Putative ICEs were identified by the presence of a modular organization of a typical ICE33, such as the presence of oriT, DNA recombinase, relaxase, and T4SS. Contigs from Nm56 genome that harboured an ICE-like region were delimited, concatenated, and compared with other assembled genomes to reconstruct a putative ICE. A putative ordered ICE-region was used as a template for mapping the reads using Bowtie2 (http://bowtie-bio.sourceforge.net/bowtie2)46. Paired-end reads, corresponding to the ICE target, were recovered with SAMtools (http://samtools.sourceforge.net)47 and finally assembled with SPAdes 3.5 using default settings.
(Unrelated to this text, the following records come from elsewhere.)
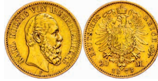
112 20 Mark, 1873, Karl, ss. J. 290 250,—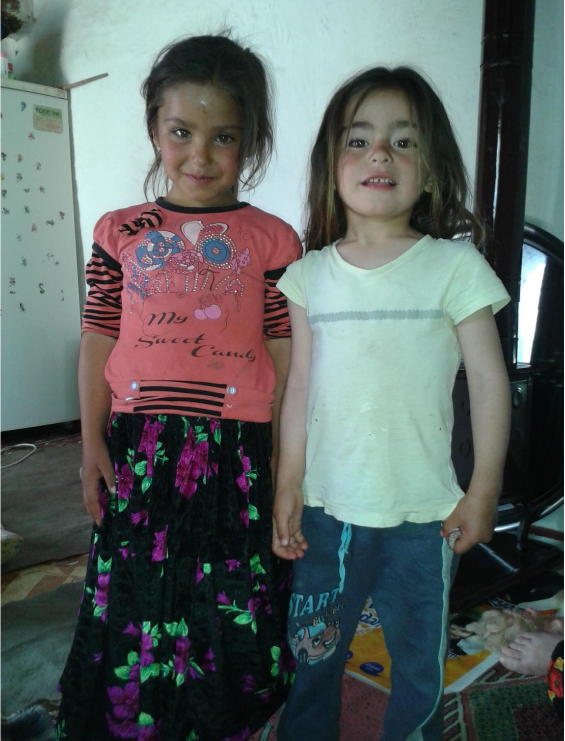
Resim 22: Beldedeki Çocuklar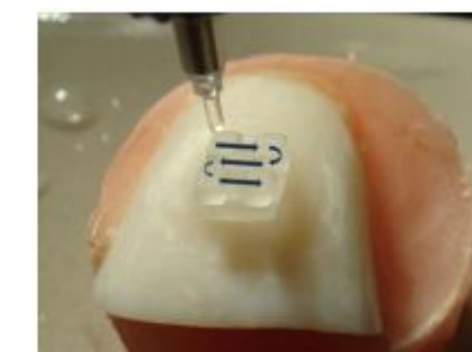
Imagen del método de escaneo (6)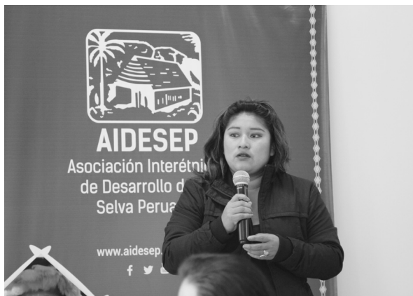
Foto 28: Dirigente nacional de AIDSESP da bienvenida a participantes del I Encuentro de Egresados de los PFETSIA de AIDSESP. Lima.

Todos los elementos descritos permiten tener una aproximación a la propuesta educativa de los PFETSIA. Además de reconocer estas características, consideramos relevante dar a conocer los logros, dificultades y desafíos de la propuesta de formación de AIDSESP, tanto en el ámbito político y educativo como en el campo de la salud. Presentamos a continuación algunas reflexiones en este sentido.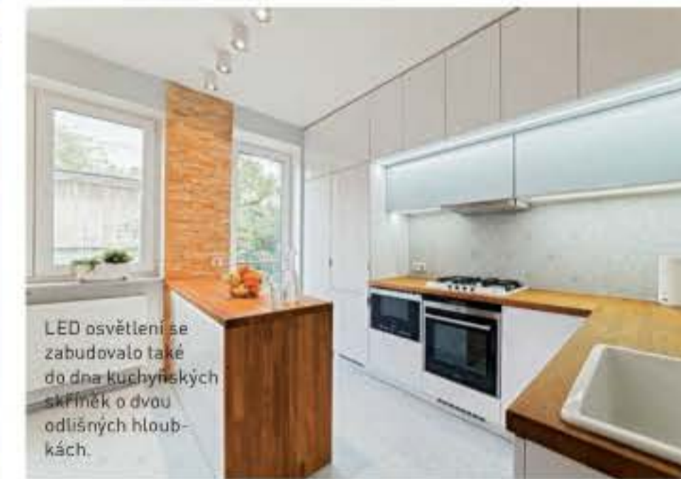
LED osvětlení se zabudovalo také do dna kuchyňských skříněk o dvou odlišných hloubkách.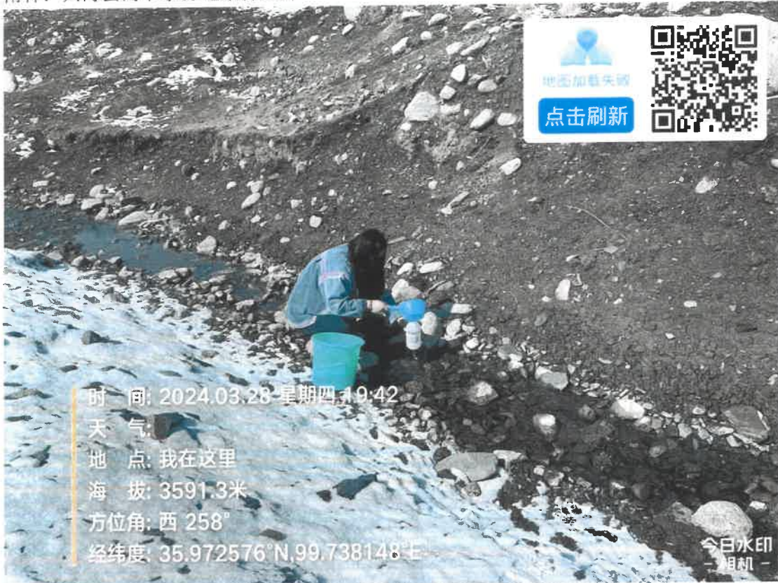
附件：兴海县河卡水源地采样照片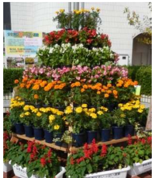
撮影者：上長者辰雄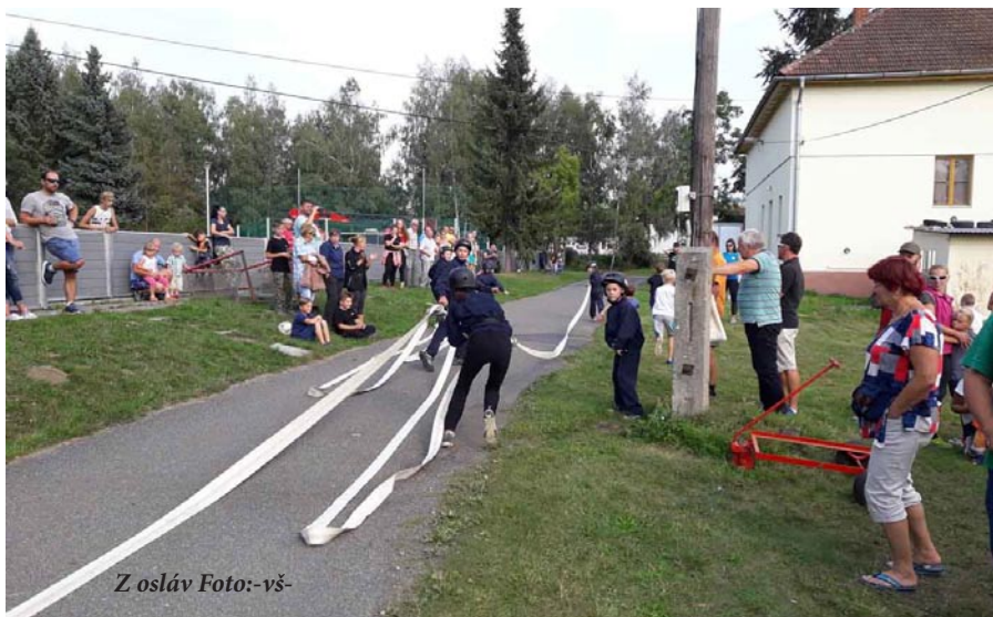
Z osláv

Po dvoch týždňoch sa aj v našej obci organizovali oslavy 130. výročia založenia hasičského spolku. Oslavy sa uskutočnili dňa 01.09.2018. Osláv sa zúčastnili aj funkcionári zo Štátnej správy, Krajskej organizácie DHZ a Okresných organizácií hasičov. Pri tejto príležitosti, bola nášmu spolku odovzdaná čestná zástava, ktorá je druhým najväčším vyznamenaním pre dobrovoľný hasičský spolok. Za dlhodobú prikladnú prácu boli ocenení aj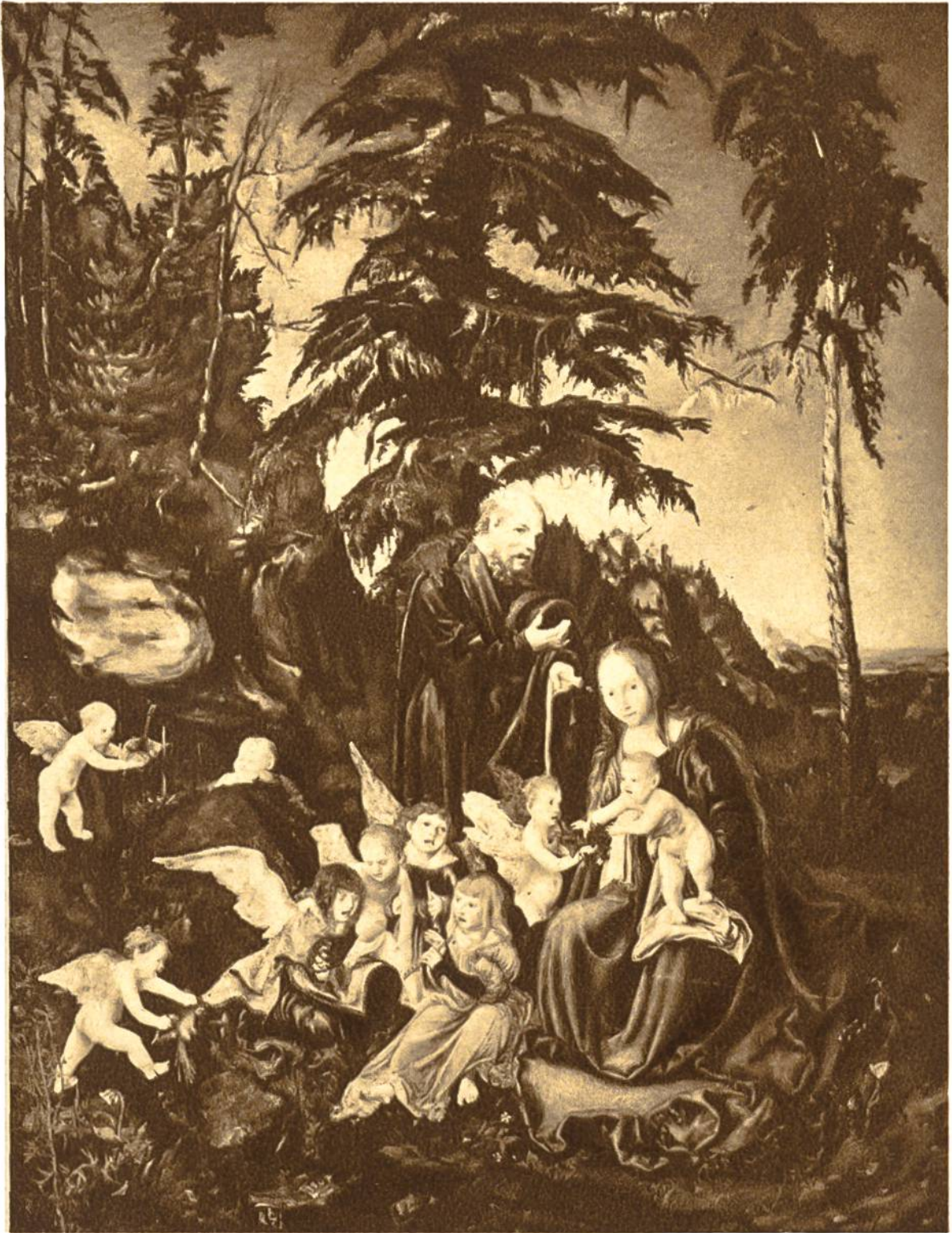
Ruhe auf der Flucht nach Aegypten von Lukas Cranach d. Ältern, Weimar, 1472—1553. Kaiser Friedrich-Museum, Berlin.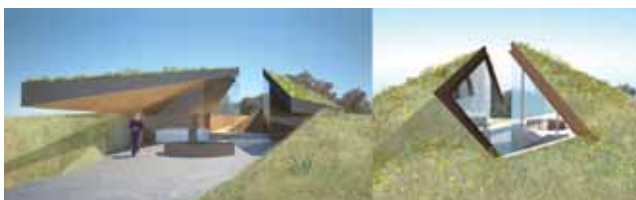
Slika 4. "Red Bluff" stanovanje: Austin, Texas, 2010.

U europskom su kontekstu inicijative za pitanje braunfield površina posebno razvijene od početka 1980-ih godina u Velikoj Britaniji, Francuskoj, Njemačkoj, koje favoriziraju regionalnu politiku degradiranog zemljišta i stvaraju specifične programe za uništeno zemljište i oporabu. Ove su inicijative aktivirane zbog povećane svijesti o negativnim ekološkim i ekonomskim efektima, ali i potencijalima koje imaju braunfield površine. Europski su gradovi zbog suočavanja s različitim problemima razvili različite strategije urbane regeneracije u posljednja dva desetljeća. Fizička rehabilitacija, socijalna kohezija, smanjen ekološki rizik te ekonomski poticaj ključni su pravci održive braunfield regeneracije u europskom kontekstu. Porastao je broj aktivnosti koje su vezane za braunfield politiku i programe, strategije i konkretne praktične intervencije. Osim toga, brojni su i raznoliki istraživački projekti realizirani kako bi usmjerili i olakšali pravce braunfield regeneracije i održivi razvoj gradova. Pravni, politički i drugi utjecaji uvelike determiniraju tempo braunfield regeneracije i oblike transformacije [31]. Inženjerske funkcije u procesu braunfield regeneracije uključuju [15]: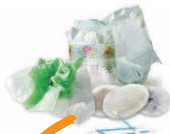
Les déchets d'hygiène et couches jetables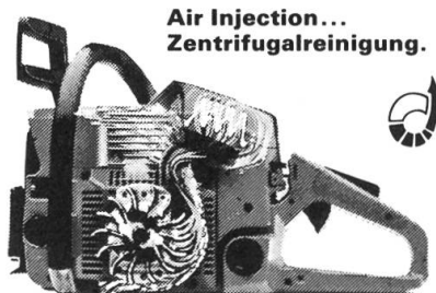
Air Injection... Zentrifugalreinigung.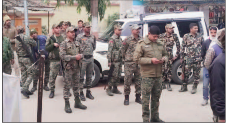
मारे गए तीनों बदमाश पलामू के हैदरनगर के रहने वाले

मौब लिंगिचिंग पार्किंग को लेकर विवाद के बाद कार सवार बदमाश ने गोली मारकर एक व्यक्ति की कर दी हत्या घटना के बाद गुस्साईं भीड़ ने कार सवार तीन बदमाशों को पीट-पीटकर मार डाला, तीन की हालत गंभीर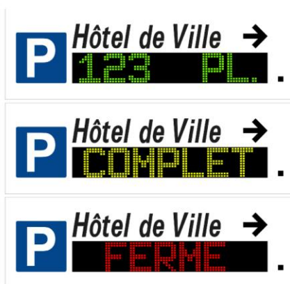
Exemple d'affichage de la version 95SRV (trichrome)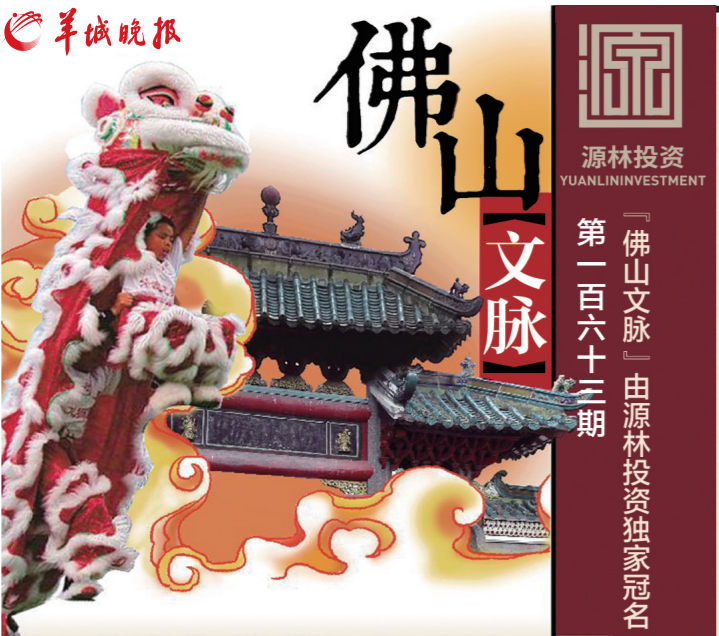
出品 佛山记者站 策划/统筹 谢红

The final contig was confirmed to be complete by PCR using custom primers; PCR amplification products were sequenced by Sanger sequencing. The ICE-like region of Nm56 was annotated using Prokka 1.848 with subsequent manual curation in Artemis (www.sanger.ac.uk/). The final representation and comparison with other ICE-like elements were performed using genoplotR49. We performed Blast searches using the ICE-like element of Nm56 as a query against all BIGSdb genomes. The element was considered present when hits with sequence identities above 70% and more than 10,000 identical residues were obtained. The LS-BSR pipeline50 and the R Package51 were used to detect the presence of ICE-like elements in MenC genomes (Fig. S1), as well for genomic comparison with the GGI from N. gonorrhoeae (Fig. S2). The geographical visualization of N. meningitidis genomes carrying ICE-like region was done with rworldmap52.

Phylogenomic analysis

All 5,531 genomes of N. meningitidis and the metadata used in this study were retrivied from BIGSdb database53 (www.pubmlst.org/neisseria) in September 2015. The csc gene, which encodes a particular poly sialyltransferase that defines the serogroup C, was used as a query in the Blastn search against BIGSdb to select all MenC genomes. A preliminary genome phylogeny with 645 MenC genomes was performed by feature frequency profiles - FFPs (http://ffp-phylogeny.sourceforge.net/)54 (Fig. S1). From the resulting phylogeny, 96 representative MenC genomes and other N. meningitidis CC103 close relatives (considering the presence in GenBank and their position at the phylogenetic tree) were selected for a more datailed analysis (Table S2). Core genome SNPs were identified in these genomes and used for the construction of a phylogenetic tree with the Parsnp program from the Harvest suite55 with the “-p 16 -x -c” parameters. The Gegenees software56 was used for the comparative analysis of gene contents among genomes. The software performs a pairwise comparison of genome fragments creating a distance matrix based on shared fragments, which was exported as a Nexus file; the split tree gene content was produced using SplitsTree4 through the GeneContentDistance method57.

Identification of DNA methyltransferase genes/RMS analysis

All nucleotide sequences of RMSs (DNA methylase and DNA endonuclease) identified in N. meningitidis were obtained from REBASE (rebase.neb.com). Total sequence redundancy (100% identity) were removed using the CD-HIT-EST program58. An RMS presence/absence matrix, considering the 35 non-redundant RMSs sequences, was constructed with the LS-BSR pipeline using default settings50. The resulting presence/absence binary table was converted into a distance matrix and clustered by means of a complete linkage hierarchical cluster analysis using heatmap.2 function from the gplots R package51.

CRISPR identification and analyses

Putative CRISPR arrays were identified in the Brazilian MenC CC103 using PILER-CR v1.06 with default parameters59. Spacer target sequences were clustered with CD-HIT v4.6 using a 90% sequence identity cutoff (parameter: cd − hit − esti[spacer sequences] − r0 − c0.9 − d100 − [result]); the non-redundant spacer sequences were subsequently compared with prophage regions found in the FAM18 genome by similarity comparisons.